Downloading model.safetensors:   0%|          | 0.00/268M [00:00<?, ?B/s]

Some weights of DistilBertForTokenClassification were not initialized from the model checkpoint at distilbert-base-uncased and are newly initialized: ['classifier.bias', 'classifier.weight']
You should probably TRAIN this model on a down-stream task to be able to use it for predictions and inference.


In [13]:
from transformers import TrainingArguments

model_name = model_checkpoint.split("/")[-1]
args = TrainingArguments(
    f"{model_name}-ner",
    evaluation_strategy = "epoch",
    learning_rate=2e-5,
    per_device_train_batch_size=batch_size,
    per_device_eval_batch_size=batch_size,
    num_train_epochs=3,
    weight_decay=0.01,
    #push_to_hub=True
)

In [14]:
from transformers import DataCollatorForTokenClassification

data_collator = DataCollatorForTokenClassification(tokenizer)

In [15]:
metric = load_metric("seqeval")
labels = [label_list[i] for i in example[f"{task}_tags"]]
metric.compute(predictions=[labels], references=[labels])

  metric = load_metric("seqeval")


Downloading builder script:   0%|          | 0.00/2.47k [00:00<?, ?B/s]

{'ACTIVITY': {'precision': 1.0, 'recall': 1.0, 'f1': 1.0, 'number': 2},
 'OBJECTIVITY': {'precision': 1.0, 'recall': 1.0, 'f1': 1.0, 'number': 5},
 'overall_precision': 1.0,
 'overall_recall': 1.0,
 'overall_f1': 1.0,
 'overall_accuracy': 1.0}

In [16]:
import numpy as np

def compute_metrics(p):
    predictions, labels = p
    predictions = np.argmax(predictions, axis=2)

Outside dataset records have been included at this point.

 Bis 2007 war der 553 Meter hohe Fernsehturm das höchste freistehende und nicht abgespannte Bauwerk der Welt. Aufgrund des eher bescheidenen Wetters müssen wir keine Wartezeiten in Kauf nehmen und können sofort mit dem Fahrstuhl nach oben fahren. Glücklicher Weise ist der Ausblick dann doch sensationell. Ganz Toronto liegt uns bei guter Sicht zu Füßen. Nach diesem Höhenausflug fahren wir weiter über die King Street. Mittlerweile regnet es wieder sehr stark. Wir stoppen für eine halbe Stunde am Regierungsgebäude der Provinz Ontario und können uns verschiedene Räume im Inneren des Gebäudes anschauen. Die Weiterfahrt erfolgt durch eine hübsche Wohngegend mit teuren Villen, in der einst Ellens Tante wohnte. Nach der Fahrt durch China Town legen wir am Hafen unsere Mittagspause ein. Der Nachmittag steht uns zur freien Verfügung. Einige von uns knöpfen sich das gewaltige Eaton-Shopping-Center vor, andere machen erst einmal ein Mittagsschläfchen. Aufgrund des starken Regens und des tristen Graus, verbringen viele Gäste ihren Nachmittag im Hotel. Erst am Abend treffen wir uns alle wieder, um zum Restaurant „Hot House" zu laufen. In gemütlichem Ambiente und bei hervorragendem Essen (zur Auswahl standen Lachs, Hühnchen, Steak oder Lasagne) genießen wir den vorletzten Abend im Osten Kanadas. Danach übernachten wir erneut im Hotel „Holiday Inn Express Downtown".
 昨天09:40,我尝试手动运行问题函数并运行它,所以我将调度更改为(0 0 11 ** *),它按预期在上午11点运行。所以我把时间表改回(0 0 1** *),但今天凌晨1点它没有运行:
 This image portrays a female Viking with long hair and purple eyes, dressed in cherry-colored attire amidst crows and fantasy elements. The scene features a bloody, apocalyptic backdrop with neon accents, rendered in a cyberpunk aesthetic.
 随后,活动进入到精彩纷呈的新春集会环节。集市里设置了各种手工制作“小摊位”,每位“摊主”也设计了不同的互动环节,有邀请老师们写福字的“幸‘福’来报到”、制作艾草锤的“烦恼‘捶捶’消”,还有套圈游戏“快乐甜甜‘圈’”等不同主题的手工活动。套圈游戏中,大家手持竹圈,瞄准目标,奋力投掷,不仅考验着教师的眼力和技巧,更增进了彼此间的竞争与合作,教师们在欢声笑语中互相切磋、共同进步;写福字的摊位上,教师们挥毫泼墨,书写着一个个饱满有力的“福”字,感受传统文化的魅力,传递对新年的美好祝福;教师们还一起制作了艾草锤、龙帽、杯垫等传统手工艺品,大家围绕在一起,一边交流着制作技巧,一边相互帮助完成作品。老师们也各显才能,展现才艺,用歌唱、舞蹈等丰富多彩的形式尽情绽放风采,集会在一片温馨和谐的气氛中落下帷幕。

    # Remove ignored index (special tokens)
    true_predictions = [
        [label_list[p] for (p, l) in zip(prediction, label) if l != -100]
        for prediction, label in zip(predictions, labels)
    ]
    true_labels = [
        [label_list[l] for (p, l) in zip(prediction, label) if l != -100]
        for prediction, label in zip(predictions, labels)
    ]

    results = metric.compute(predictions=true_predictions, references=true_labels)
    return {
        "precision": results["overall_precision"],
        "recall": results["overall_recall"],
        "f1": results["overall_f1"],
        "accuracy": results["overall_accuracy"],
    }

### TRAIN THE MODEL

In [17]:
from transformers import Trainer

trainer = Trainer(
    model,
    args,
    train_dataset=tokenized_datasets["train"],
    eval_dataset=tokenized_datasets["validation"],
    data_collator=data_collator,
    tokenizer=tokenizer,
    compute_metrics=compute_metrics,
)

dataloader_config = DataLoaderConfiguration(dispatch_batches=None)


In [18]:
print("Training starts NOW")
trainer.train()

You're using a DistilBertTokenizerFast tokenizer. Please note that with a fast tokenizer, using the `__call__` method is faster than using a method to encode the text followed by a call to the `pad` method to get a padded encoding.


Training starts NOW


Epoch,Training Loss,Validation Loss,Precision,Recall,F1,Accuracy
1,No log,0.922034,0.57047,0.669291,0.615942,0.59893
2,No log,0.818315,0.648855,0.669291,0.658915,0.663102
3,No log,0.776179,0.685484,0.669291,0.677291,0.679144


  _warn_prf(average, modifier, msg_start, len(result))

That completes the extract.